Dartmouth-Hitchcock proposes merger with Manchester-based health system

  • Joanne Conroy, CEO and president of Dartmouth-Hitchcock Health, and Joseph Pepe, CEO of GraniteOne Health. Courtesy D-H

Valley News
Published: 1/24/2019 1:34:33 PM

Two of New Hampshire’s largest hospitals, including Dartmouth-Hitchcock Medical Center, will become part of one health system if a merger announced Thursday goes through.

Dartmouth-Hitchcock Health intends to combine forces with GraniteOne Health, the health care system that includes the Manchester-based Catholic Medical Center, according to a letter of intent the two have signed. The proposal would give Lebanon-based Dartmouth a far stronger presence in New Hampshire’s southern tier, where it already operates clinics and has sought to merge before.

Together, the systems would become Dartmouth-Hitchcock Health GraniteOne. The combination would include the five hospitals under Dartmouth-Hitchcock – including the state’s largest private employer and sole academic medical center – and the three GraniteOne hospitals: CMC, Huggins Hospital in Wolfeboro and Monadnock Community Hospital in Peterborough.

“What we can do together is so much more than what we can do separately,” GraniteOne CEO Joseph Pepe said in a phone interview today.

The merger – which officials expect will not result in job cuts, but will help them to increase staffing in response to the growing health care needs of the region’s aging population – builds on clinical collaborations D-H and CMC already have in place, including in obstetrics, pre- and post-natal care, oncology, rheumatology, endocrinology and critical care.

“To channel Beyonce ... it’s time to put a ring on it,” Dartmouth-Hitchcock CEO Joanne Conroy said in the same phone call.

Under the merger – though D-H officials said they prefer the word “combination” – the various hospitals would continue to operate under their own board of trustees.
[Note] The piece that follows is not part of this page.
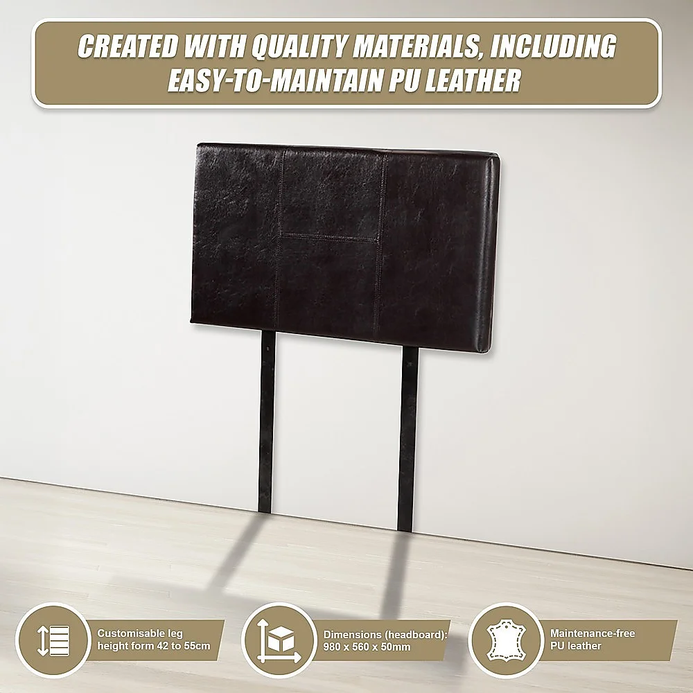 This headboard for standard Single-sized bed frames is created with quality materials, including easy-to-maintain PU leather that will maintain its sophisticated look for many years to come. This particular model comes with elegant stitching accents that provide just the right level of understated pop. A neutral brown will blend seamlessly with a wide variety of bed frames and other bedroom furniture.
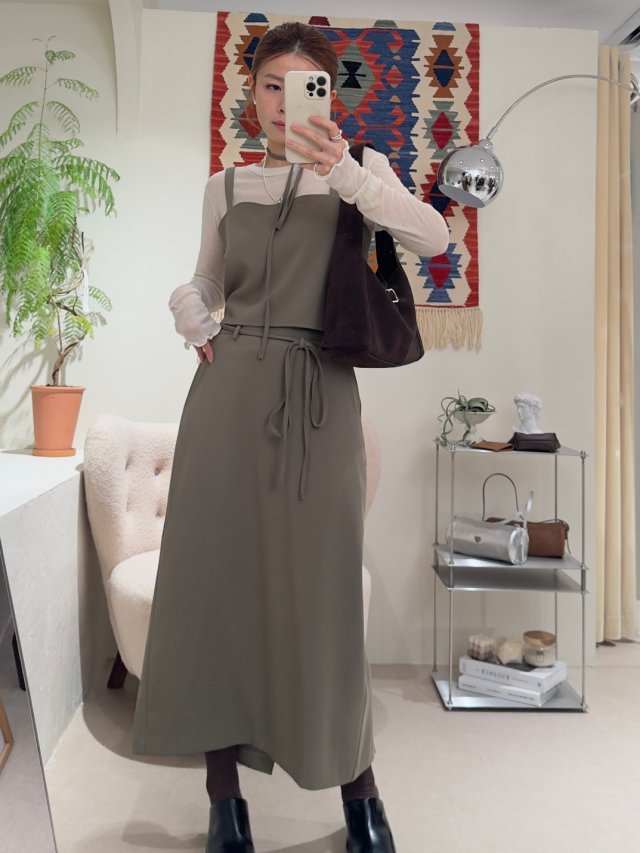 綁繩腰帶開叉半截裙

Conroy, who said she will be spending more time in the Manchester area, would be the CEO and in charge of one region, while Pepe would run the other region in the combined health system. The proposal must still be approved by the New Hampshire Attorney General’s Office, federal regulators, the organizations’ boards and the Bishop of Manchester.

This would not be the first time D-H, which operates the 396-bed Dartmouth-Hitchcock Medical Center in Lebanon, and the 330-bed Catholic Medical Center have attempted to combine forces. In 2010, then-New Hampshire Attorney General Michael Delaney objected to a merger plan that he likened to a takeover of CMC by D-H. Anti-abortion activists also opposed that plan on the grounds that merging with a secular hospital could prevent the Catholic hospital from carrying out its charitable mission.

But, in the news release Thursday announcing they have signed a letter of intent, the two systems sought to assure the public that “Catholic Medical Center ... will continue to adhere to its Catholic model of care while D-H will continue to serve its patients as it does today in all its existing health care facilities. All organizations within the combined system would also keep their current names, identities, and local leadership.”

D-H services that provide contraception, fertility treatment and sterilization will not be affected by the merger, Conroy said.

Under the agreement, the Bishop of Manchester will retain his leadership role at CMC and CMC will continue to abide by the U.S. Conference of Catholic Bishops’ Ethical and Religious Directives for Catholic Health Care Services, Pepe said.

This announcement comes following last year’s formation of SolutionHealth by Elliot Health System, which includes the 296-bed Elliot Hospital in Manchester, and Southern New Hampshire Health System, which includes the 188-bed Southern New Hampshire Medical Center in Nashua.

D-H had in 2016 sought a formal affiliation with Elliot Health System, but ended those talks in early 2017.

Conroy has previously said that D-H needs to care for more people in order to level out financial risks. Such collaborations aim to help health systems find cost savings as they shift from a fee-for-service model of care to one which pays health care providers a flat per-patient fee for keeping them healthy.

Pepe said the two organizations hope to wrap up their internal due diligence by June and then complete the regulatory review by mid-2020.